– Понял. Показывай, что выносить! А ты, Иван Григорьевич, – Веревкин отнесся к прапорщику, – проследи, чтоб бойцы ничего не поцарапали!
– Есть! За-а мной! – козырнул прапорщик и, отстранив плечом остолбеневшую Катю, зашел в квартиру.
Первым делом стали выносить диван и тут же застряли в дверном проеме.
– Отставить! – приказал Иван Григорьевич. – Ну-ка, Малышкин, дуй в машину и принеси инструмент. Шире шаг!
Возможно, именно заминка с диваном и спасла семью Башмаковых от распада тогда, семнадцать лет назад. По правде сказать, Олег не был готов к этому распаду. Собирая вещи, он до конца так и не верил в окончательность разрыва и даже заранее начинал уже скучать по Кате и Дашке. Но одновременно в нем сладостно набухала мечта о новой, свободной и полной прекрасных мужских впечатлений жизни. Так бывает, когда едешь на рыбалку и заранее представляешь себе чутко подрагивающий от поклевки поплавок, туго натянутую леску и здоровенного скользкого карася, изгибающегося в руках. Правда, на рыбалках, куда его, мальчишку, часто брал Труд Валентинович, Олегу редко везло. Отец даже иногда перенизывал на кукан сына свои рыбины, чтобы парню было не так обидно.
Но кто знает, как бы захороводили они со Слабинзоном? Зацепила бы его снова какая-нибудь «кандидатка в мастера» с лучисто-шальными глазами… А самолюбивая Катя, помня все свои унижения, уже не простила бы его. Тесть к месту процитировал бы: «Будь же проклят! Ни стоном, ни взглядом окаянной души не коснусь…» И все! И навсегда! И стал бы Олег классическим приходящим папой и сталкивался бы иногда в прихожей с новым Катиным мужем, не успевшим смыться к законному башмаковскому визиту. И смотрел бы Олег на свою родную квартиру, мучительно прикидывая, как у них здесь это все происходит. Но так бы до конца и не верил, что это все может у Кати происходить еще с кем-то, кроме него, Башмакова…
А вот интересно бы узнать: женщина в объятиях нового мужчины вспоминает своих прежних любовников? Может, крича от счастья, она думает о совершенно другом человеке? Или, может быть, каждый последующий возлюбленный – это как бы сменный наконечник некой неизменной Вечной Мужественности?
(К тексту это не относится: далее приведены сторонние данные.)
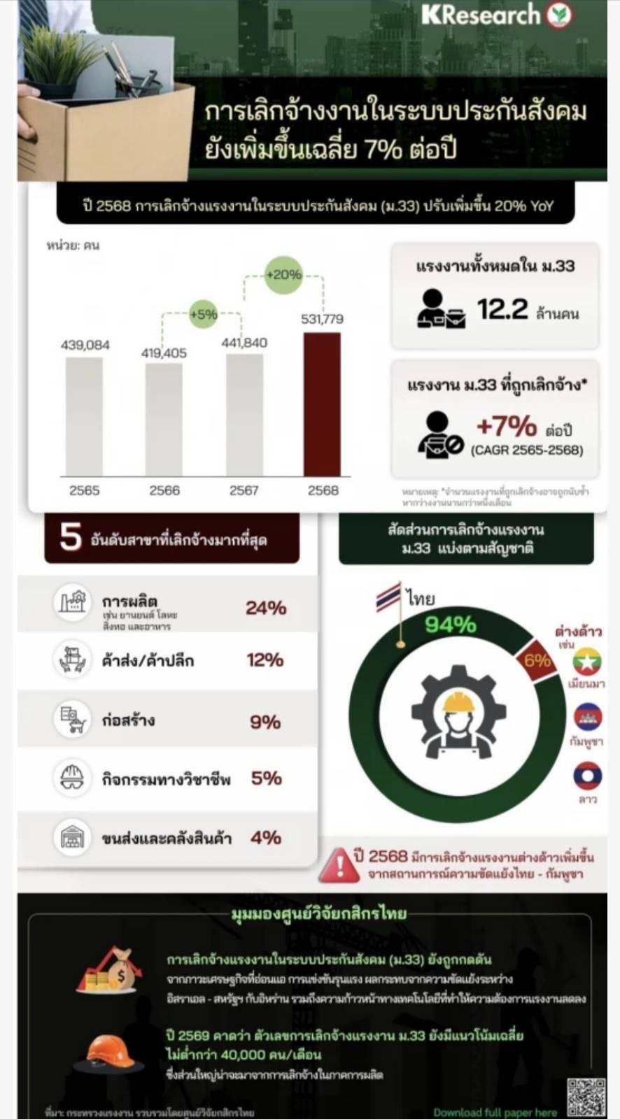เลิกจ้างแรงงานพุ่งไม่หยุด!..คาดปี69..จ่อตกงานเดือนล่ะ 4หมื่นคน

Или же, напротив, каждая новая любовь – это своего рода инкарнация, когда от прежних жизней и постелей остается лишь смутное узнавание, вроде дежа вю?
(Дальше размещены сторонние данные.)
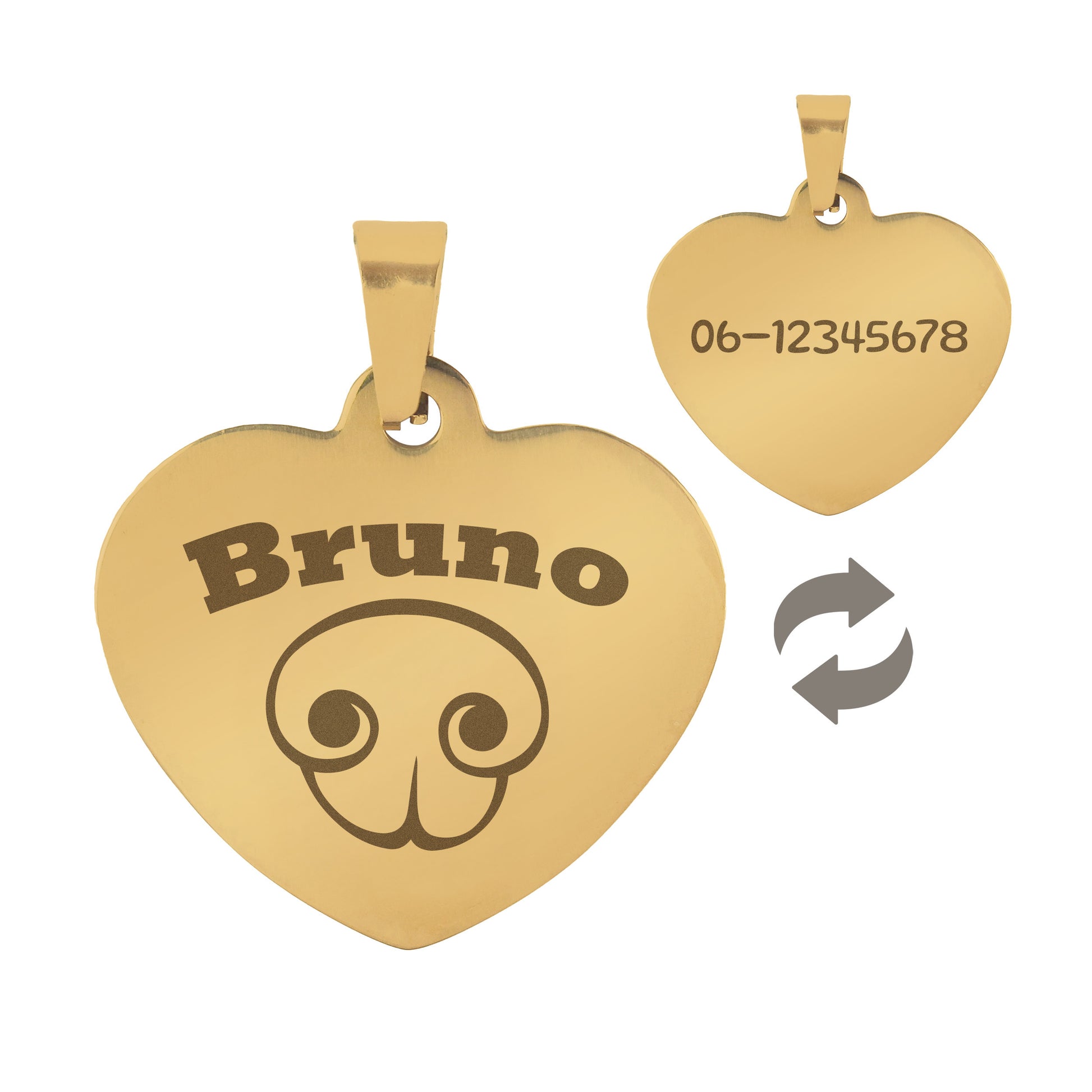 De hondenpenning heeft de vorm van een hartje en is gemaakt van roestvrij staal. Verkrijgbaar in een goud- of zilverkleurige uitvoering, zodat je eenvoudig een variant kiest die perfect past bij de halsband én bij je hond.

Боже мой, что только не сквозит в похмельном мозгу задумчивого человека!
Нет, конечно, у Слабинзона Башмаков бы долго жить не стал, перебрался бы туда, где прописан, – к родителям, в недавно полученную двухкомнатную «распашонку». Труд Валентинович много лет стоял на очереди, а 3-я Образцовая типография как раз достраивала новый дом. Однако когда в профкоме вывесили списки, его фамилии там не оказалось. Это был страшный удар, так как уже вся коммуналка знала, что Башмаковы переезжают в отдельные хоромы. И тогда Людмила Константиновна, никогда ни о чем не просившая своего шефа, превозмогла гордость, сама внесла себя в список посетителей по личным вопросам – и попросила. Шеф выбранился (он был багроволицым громилой и страшным матерщинником), нашел в специальной книжечке телефон типографской «вертушки», позвонил отцовскому начальству, обменялся несколькими приветственными ругательствами, поинтересовался результатами охоты на кабана, в которой сам по болезни – давление подскочило – не смог поучаствовать, а в конце разговора, как бы между прочим, попросил «порешать вопрос верстальщика Башмакова». Через месяц родители въехали в новую квартиру, где еще пахло краской и не закрывалась толком ни одна дверь.
Олег, тогда только пришедший в райком, был поражен тем, как можно, оказывается, человеческую судьбу решить пустячным телефонным звонком. Позже он нагляделся этого вдоволь. Труд Валентинович с тех пор любил порассуждать о том, что типографские рабочие приравниваются к бойцам идеологического фронта – и потому их жилищные проблемы решаются в первую очередь. Людмила Константиновна на это только усмехалась, но семейной тайны не выдавала. А шеф ее умер от обширного инфаркта в 90-м году, когда руководимый им главк впервые за много лет не вышел на уровень планового задания.
Пока боец Малышкин бегал за инструментами, Катя, словно очнувшись, подошла к мужу, взяла его за руку, отвела в детскую и закрыла дверь. Потом она встала на колени и сказала:
– Прости! Я сама тварь! Я больше никогда… Никогда!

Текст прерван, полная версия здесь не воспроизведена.